Security tokens provide the "what you have" component in two-factor authentication and multi-factor authentication solutions. Some tokens provide up to three factors of authentication [5]

[edit] One-time passwords

A one-time password is a password that changes after each login, or changes after a set time interval.

[edit] Mathematical-algorithm-based one-time passwords

Another type of one-time password uses a complex mathematical algorithm, such a hash chain, to generate a series of one-time passwords from a secret shared key. Each password is unguessable, even when previous passwords are known. The open source OATH algorithm is standardized, other algorithms are covered by U.S. patents.

[edit] VeriSign

VeriSign Unified Authentication uses the OATH standard. VeriSign Unified Authentication OEM is Aladdin Knowledge Systems.

[edit] Deepnet Security

Deepnet Security's Deepnet Unified Authentication Platform product.

[edit] Aladdin Knowledge Systems’ eToken NG-OTP

The Aladdin Knowledge Systems' eToken NG-OTP is a hybrid USB and one-time password token. It combines the functionality of smart card based authentication tokens with one-time password user authentication technology in detached mode.

[edit] ePass OTP Authentication System

ePass OTP Authentication System from Feitian Technologies Co., Ltd. involves three components: the ePass OTP token, ePass OTP Authentication Agent and ePass OTP Authentication Server. The ePass OTP Authentication System is able to create event-based two-factor authentication security by using a dynamically generated one-time password, also able to combine the dynamically generated one-time password with an existing static password.

[edit] Yubico YubiKey

The YubiKey, manufactured by Yubico, is a device that acts as a USB keyboard and provides secure authentification by a one-time password algorithm.

[edit] PhishCops Virtual Tokens

Virtual Tokens are a new concept in multi-factor authentication first introduced in 2005 by security company Sestus Data. Virtual tokens work by sharing the token generation process between the internet website and the user's computer and have the advantage of not requiring the distribution of additional hardware or software. Virtual tokens are also immune to trojans and man-in-the-middle type fraud. Virtual tokens are patented and are marketed under the name PhishCops.

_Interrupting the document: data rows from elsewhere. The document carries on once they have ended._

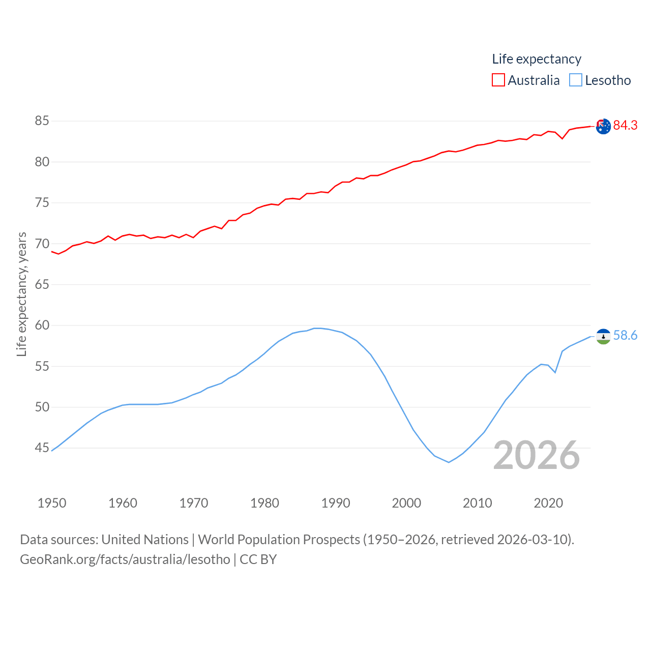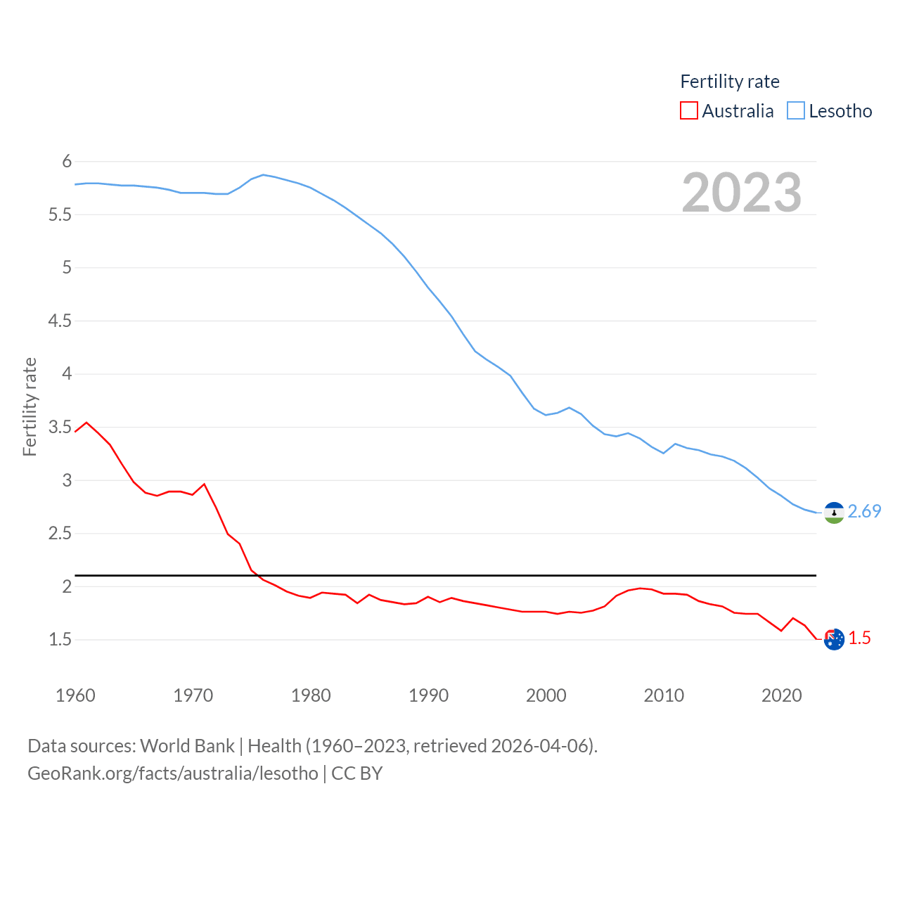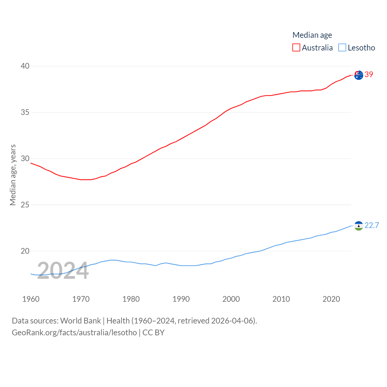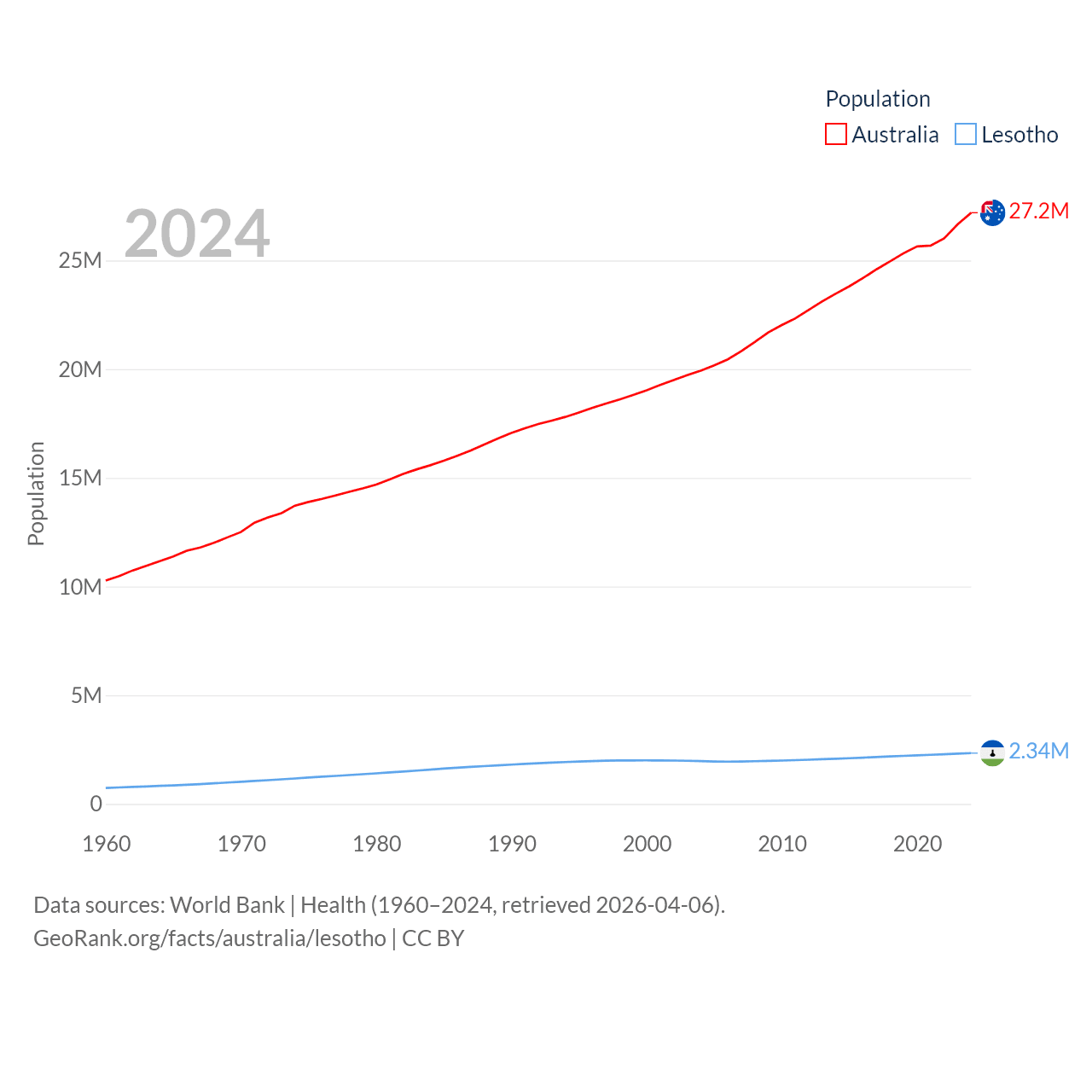 Australia has a population of 27.2M (ranked 54/197), compared with 2.34M in Lesotho (ranked 145/197). Australia's land area is 2,969,906 sq mi versus 11,722 sq mi for Lesotho (ranked 6th vs. 137th).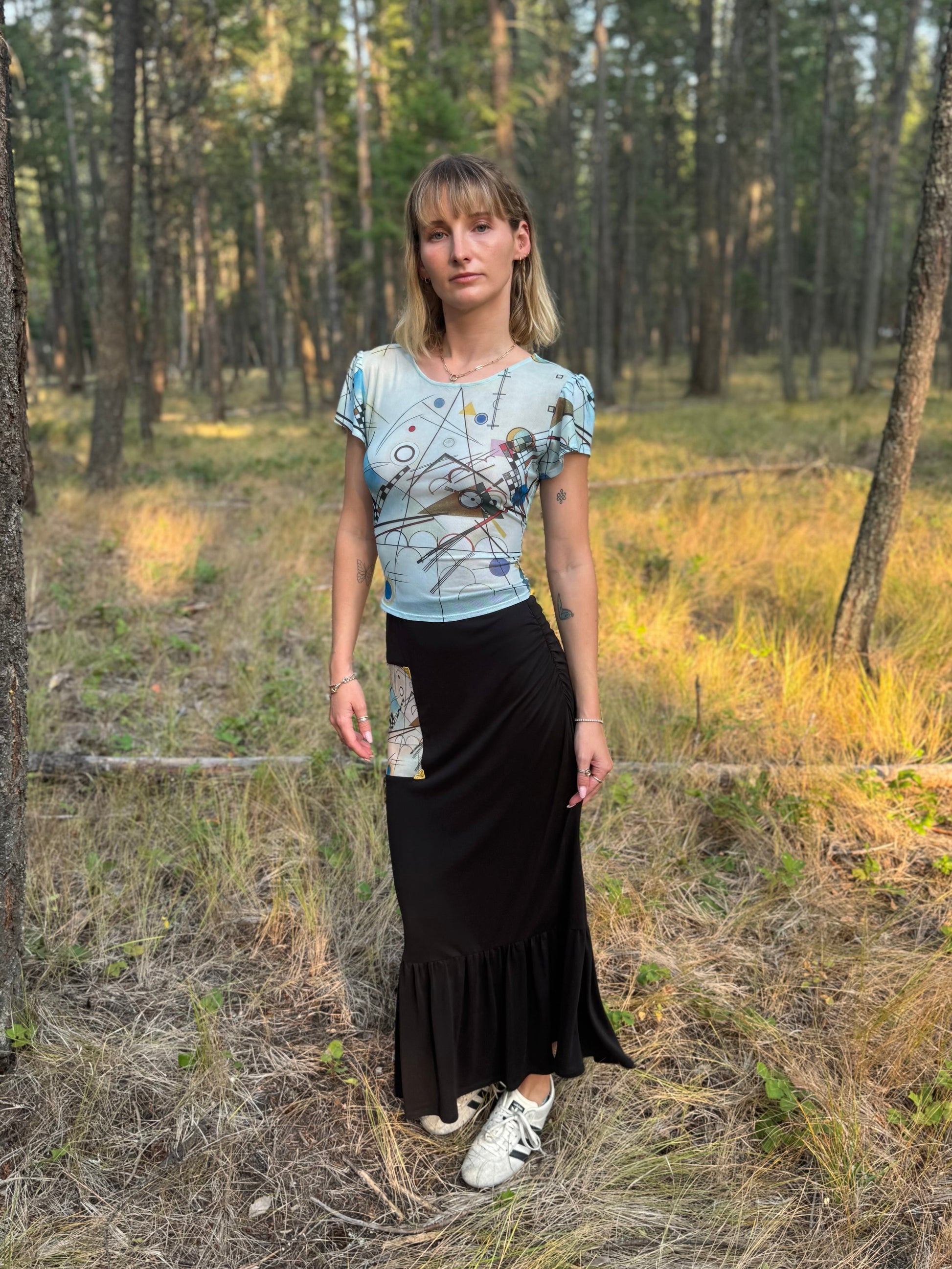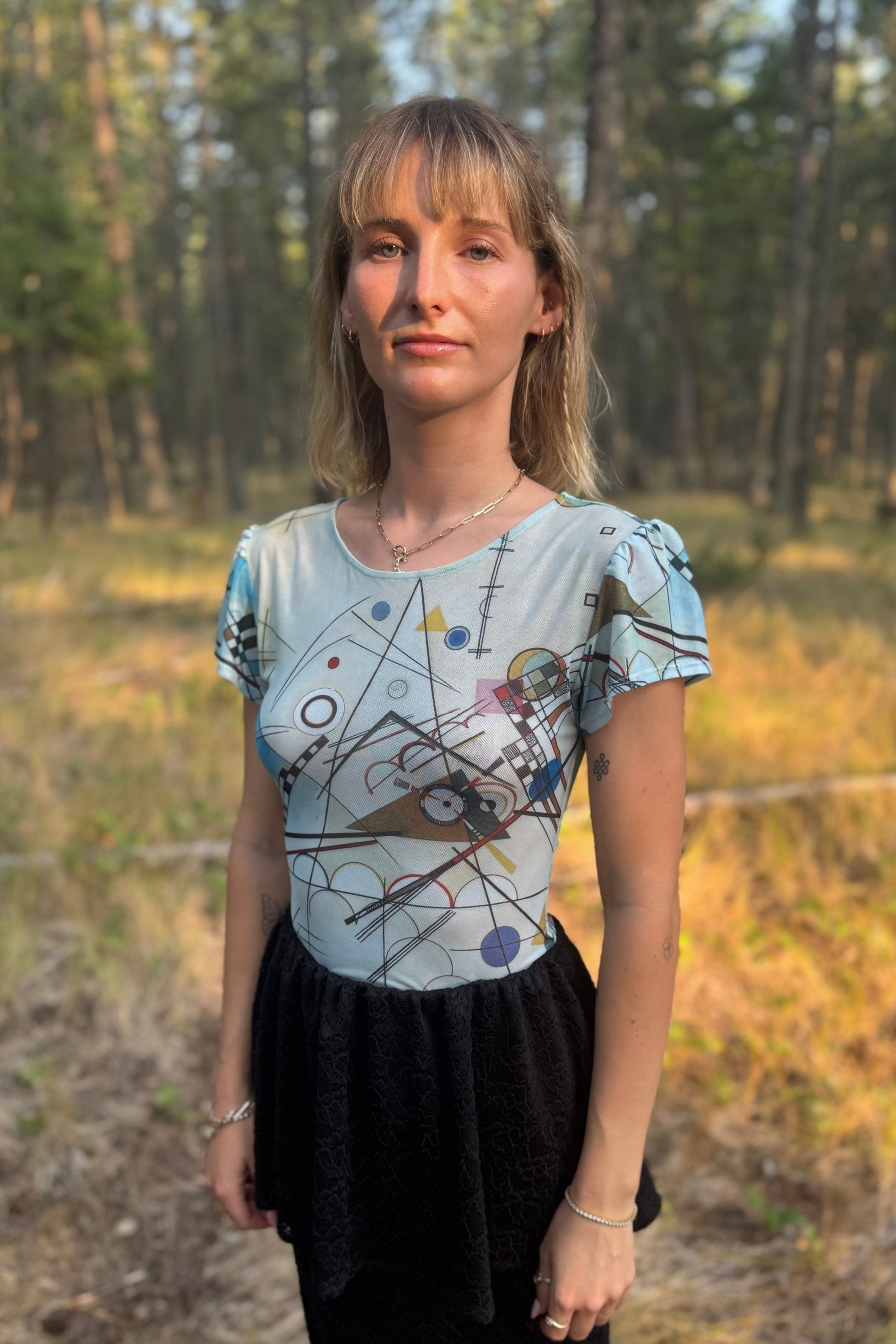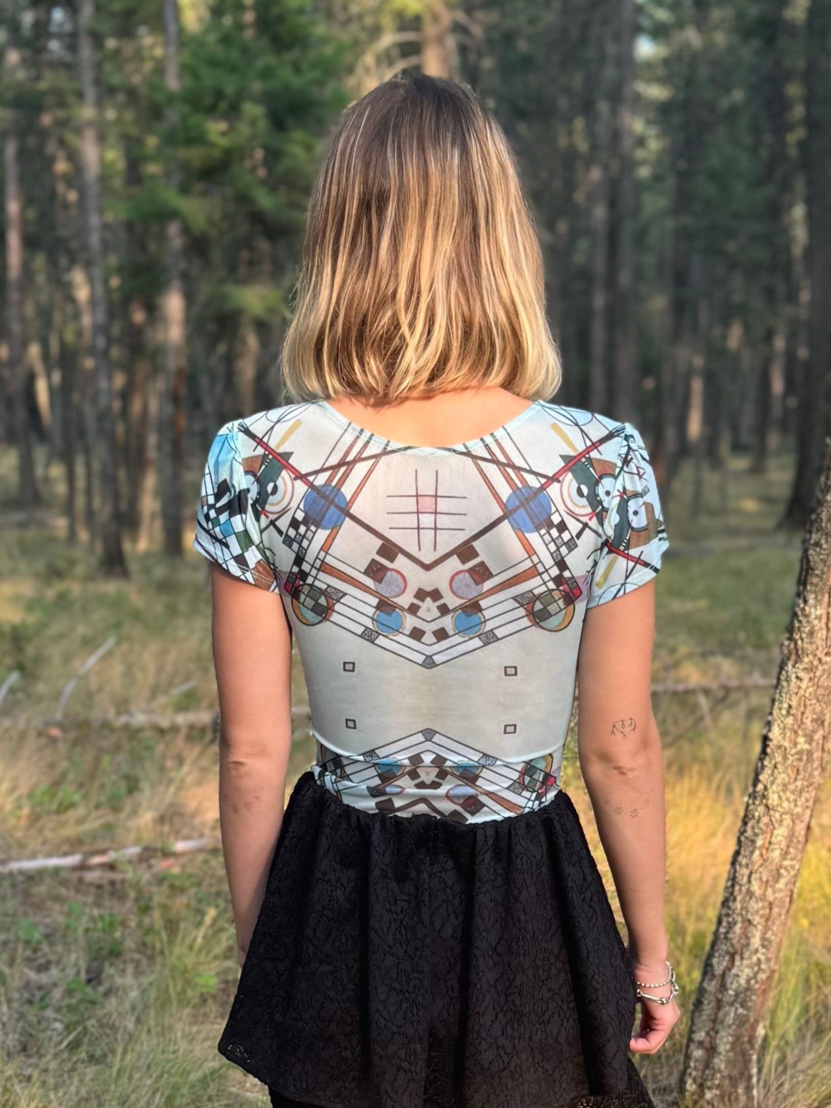 The mesh is transparent and printed with one of our favorite paintings, Vasily Kandinsky's 'Composition 8' - 1923. See it in person at the Guggenheim Museum in New York. The print is placed to flatter the waist at the front and back.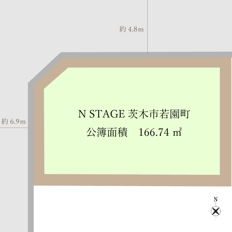 間口 西 約11m・北 約15.7m 幅員 西 約6.9m・北 約4.8m

[edit] Time-synchronized one-time passwords

A time-synchronized one-time passwords change constantly at a set time interval, e.g. once per minute. To do this some sort of synchronization must exist between the client's token and the authentication server. For disconnected tokens this time-synchronization is done before the token is distributed to the client, other token types do the synchronization when the token is inserted into an input device. The main problem with time-synchronized tokens is that they can, over time, become unsynchronized.[citation needed] However, some such systems, such as RSA's SecurID, allow the user to resynchronize the server with the token, sometimes by entering several consecutive passcodes. Most also cannot have replaceable batteries and only last up to 3 years before having to be replaced - so there is additional cost.

[edit] Event-based Token

An event based token, by its nature, has a longer life span.[citation needed] They work on the one-time password principle and so once used, the next password is generated. Often the user has a button to press to receive this new code via either a token or via an SMS message. All CRYPTOCard's tokens are event-based rather than time-based.

[edit] Booleansoft

Booleansoft tokens synchronize with the authentication server when inserted into an input device like a USB input device or a CD-ROM drive. US patent pending technology.

[edit] Aradiom SolidPass

SolidPass, developed by Aradiom, is a mobile java phone based security token that provides a time-based one-time password algorithm for secure authentication, and also offers challenge response based signing including transaction signing and additional security question.

[edit] BRToken SafeSIGNATURE

SafeSIGNATURE token, developed by the Brazilian company BRToken, was one of the first to provide support for the TOTP algorithm, defined by the OATH (Initiative For Open Authentication), an extension of the HOTP algorithm, but time-based. It also has the capacity of reading transaction data from any type of screen or projection, displaying in the token screen, and generating an Electronic signature, based on the public OCRA algorithm.

[edit] CAT (Cellular Authentication Token)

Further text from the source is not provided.